Study of national park system shows place names tied to racism, white supremacy, or genocide
As revered as America’s National Parks may be, research on over 2,000 place names in the park system shows they may be tied to white supremacy or oppression.
Natchee Barnd is an associate professor of Ethnic Studies and Native American Studies at Oregon State University. He co-authored “Words are Monuments”, which is in the latest journal, People and Nature. He and other scholars analyzed 2,241 place names in 16 national parks, and developed a tool called “decision trees”. It lets them sort and classify place names, including those that have racial slurs, replaced Indigenous names, or have elements of racism and colonialism.
“We have an idea that there might be some problematic place names, but unless you actually look at them, and catalog them, and count them, and track the history and the meaning and the intent behind them, you don’t really know what’s out there.”
All 16 parks had at least one site or feature named for people with racist ideologies, or supported genocide or oppression of Indigenous people.
An OSU press release says researchers found 107 natural features with traditional Indigenous place names, which they classified 214 names as appropriation, where Indigenous or Indigenous-sounding names were used incorrectly and without Indigenous input or consent; and 254 names that memorialize settler colonialism, such as Cadillac Mountain in Acadia, named for a French colonizer.
The release goes on to say that the researchers found 21 names that commemorate individuals who espoused racist ideas, including Hayden Valley in Yellowstone, named for Ferdinand Hayden, a geologist who wrote that unless Native Americans were forcefully assimilated, “they must ultimately be exterminated.”

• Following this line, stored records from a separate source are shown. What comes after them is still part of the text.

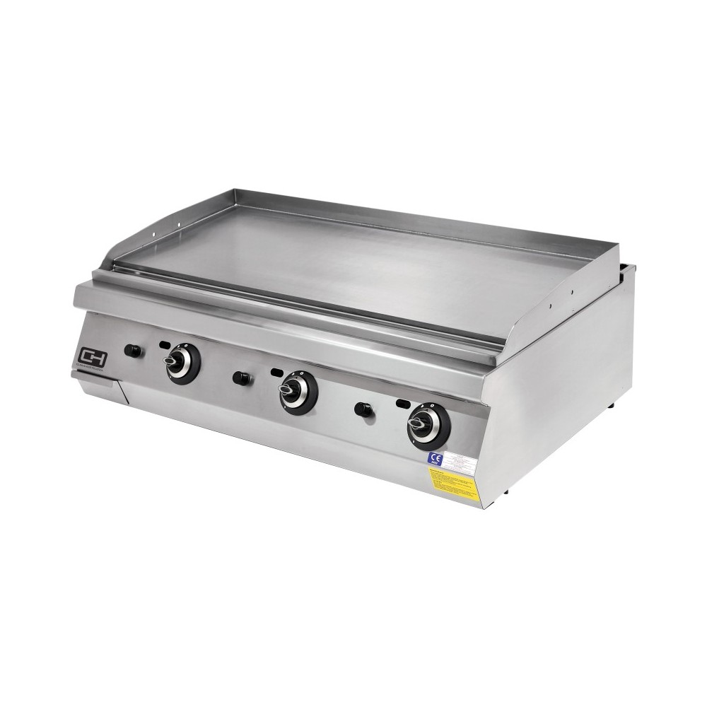 • Placa de cocción de acero rectificado de 12 mm. de espesor con peto en acero inoxidable soldado desde la parte superior que asegura su estanqueidad y facilita la labor de limpieza diaria.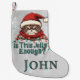 Add a touch of holiday humor to your fireplace with this funny grumpy cat Christmas stocking by Kaliverse Creations! Featuring a festive yet unimpressed cat tangled in Christmas lights with the phrase "Is This Jolly Enough?", this stocking is perfect for those who enjoy a bit of sarcasm during the holidays. Personalize it with a name to make it a unique gift or a hilarious addition to your holiday decor that friends and family will love.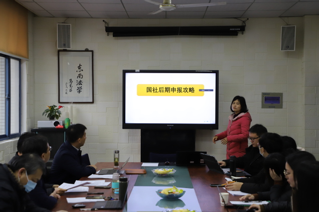 会议伊始,欧阳本祺院长对学院既往成果予以充分肯定,尤其是刘艳红院长率领下yl23455永利官网在研比例全校名列前茅,国社申报取得了明显成效,希望在座老师们再接再厉,以国社申报为契机,继续钻研学术,发扬科研立院精神。会议还邀请了获得国家社科后期资助立项的杨志琼老师进行了经验分享,杨老师深入分析了国社后期的立项规律,将自己的申报经验毫无保留的分享给在座的老师们。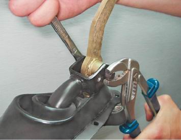 Удерживая ось плоскогубцами, отворачиваем гайку оси.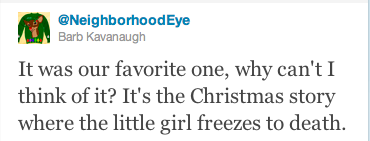 My mom used to read us this story every year. "The Little Match Girl," by Hans Christian Anderson. The ending always made us sad and my mom would tell us that if nobody on this earth loved you, you just died automatically. It was scary at the time, but now that we're older, my siblings and I are very cognizant of population rates and know that it's pretty hard to strike out THAT bad. But still, it's a good reminder to get out there and network from time to time.

More nuanced were the 364 names that researchers classified as European in origin with no record of their meaning, including descriptive names like Clear Creek and Long Pond.
Barnd said locally, sites across Crater Lake National Park were included for analysis.
“We did see that there was one called Devils Backbone and we weren’t clear on the origins,” said Barnd. “So while we did the research on these, we don’t always come to the conclusions where we’re not always able to say for sure what the intent is. But a lot of times the word “Devil” gets attached to Indigenous peoples, communities, or cultures, in this sort of Christian/non-Christian binary.”
Barnd said he’d like people to use this research to understand how place names came to be, and to help develop alternatives that don’t celebrate the removal or destruction of Native communities.
Such an undertaking should be a collaborative process, ideally with Native/Indigenous committess, added Barnd. In Oregon, a coalition of local agencies led by the Marys Peak Alliance teamed up with the Siletz and Grand Ronde tribes to choose names for some unnamed creeks on Marys Peak west of Corvallis.
The next step, after reconsidering place names and potentially replacing them with traditional Indigenous history in mind, will be returning ownership to the tribes as well, Barnd said.
He says beyond parks, other sites – including buildings – can be re-evaluated.
Other co-authors on the study were Bonnie McGill, Stephanie Borelle, Grace Wu, Kurt Ingeman and Jonathan Uhuad Koch from the Society for Conservation Biology in Washington, D.C.